Set down, exactly and only, everything from the line containing "UART代表通用异步接收器/" down to the line containing "Le secret des" in the data below; the pictures are not part of the copy.

** Data **
════════

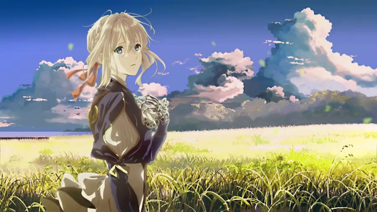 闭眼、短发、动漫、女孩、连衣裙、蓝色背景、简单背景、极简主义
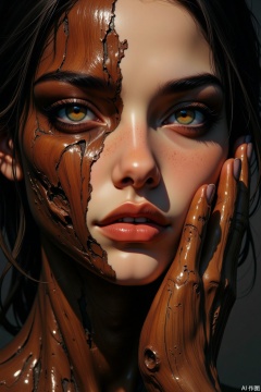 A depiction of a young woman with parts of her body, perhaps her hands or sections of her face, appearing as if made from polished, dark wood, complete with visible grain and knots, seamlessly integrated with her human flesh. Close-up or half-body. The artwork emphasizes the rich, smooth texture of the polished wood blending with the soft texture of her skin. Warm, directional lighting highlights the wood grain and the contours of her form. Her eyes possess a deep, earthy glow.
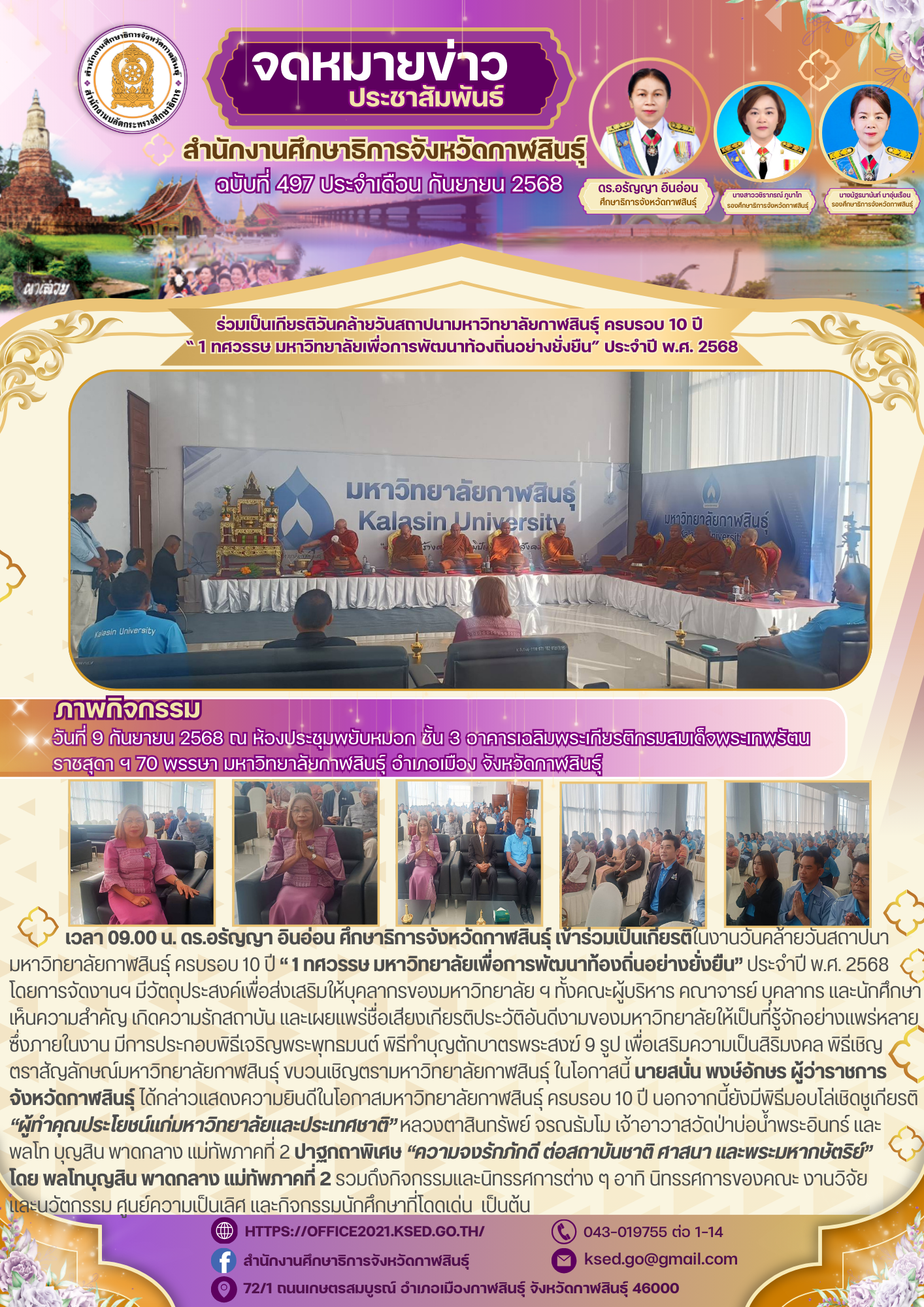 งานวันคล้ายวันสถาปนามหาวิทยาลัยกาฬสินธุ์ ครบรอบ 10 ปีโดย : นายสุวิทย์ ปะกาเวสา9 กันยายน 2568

════════

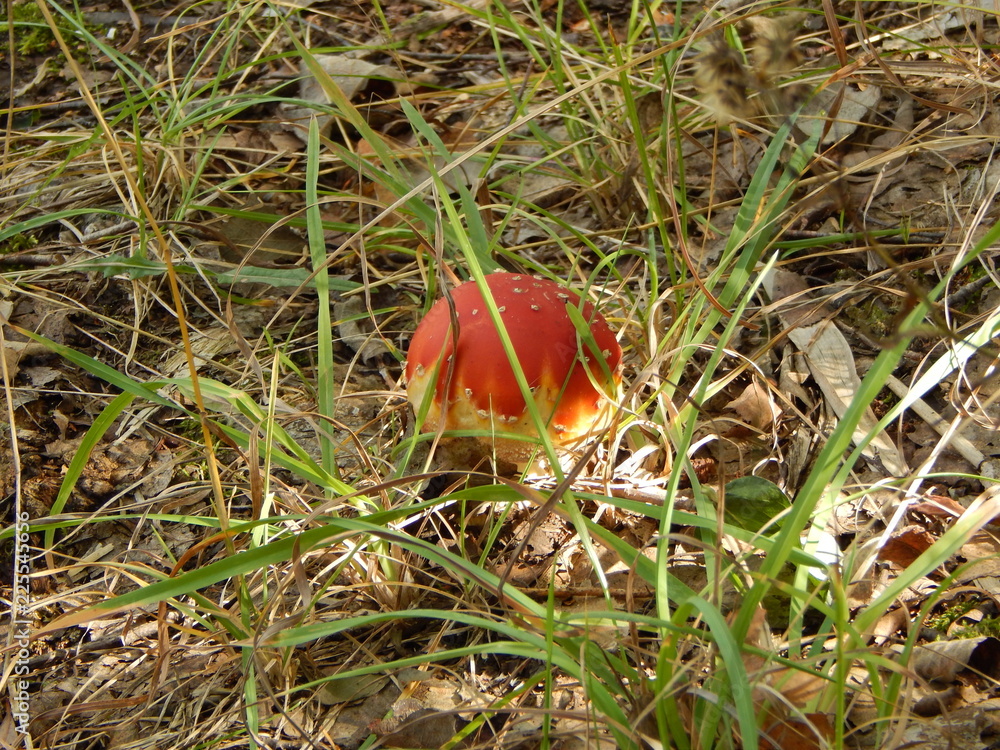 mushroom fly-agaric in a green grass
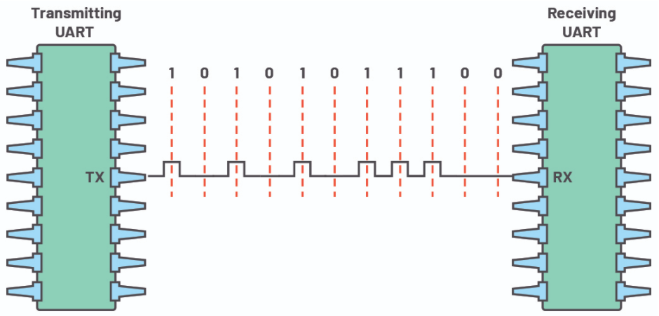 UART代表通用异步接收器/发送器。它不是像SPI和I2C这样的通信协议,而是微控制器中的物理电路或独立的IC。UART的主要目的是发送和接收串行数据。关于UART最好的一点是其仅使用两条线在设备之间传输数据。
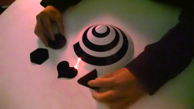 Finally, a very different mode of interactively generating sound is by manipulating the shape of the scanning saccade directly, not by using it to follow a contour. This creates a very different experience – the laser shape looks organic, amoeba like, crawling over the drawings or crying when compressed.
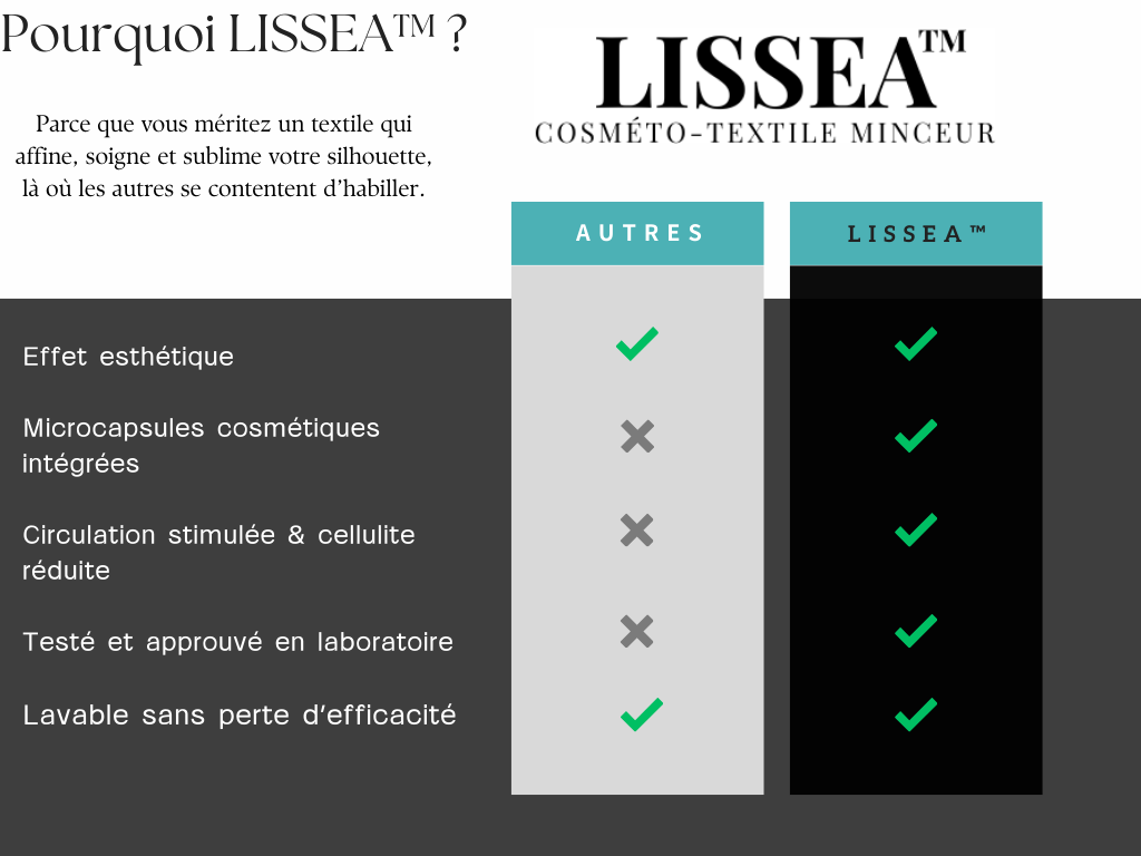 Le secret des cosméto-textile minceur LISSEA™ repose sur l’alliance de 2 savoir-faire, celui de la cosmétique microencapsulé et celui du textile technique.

════════

** Solution for this task **
 UART代表通用异步接收器/发送器。它不是像SPI和I2C这样的通信协议,而是微控制器中的物理电路或独立的IC。UART的主要目的是发送和接收串行数据。关于UART最好的一点是其仅使用两条线在设备之间传输数据。
 Finally, a very different mode of interactively generating sound is by manipulating the shape of the scanning saccade directly, not by using it to follow a contour. This creates a very different experience – the laser shape looks organic, amoeba like, crawling over the drawings or crying when compressed.
 Le secret des cosméto-textile minceur LISSEA™ repose sur l’alliance de 2 savoir-faire, celui de la cosmétique microencapsulé et celui du textile technique.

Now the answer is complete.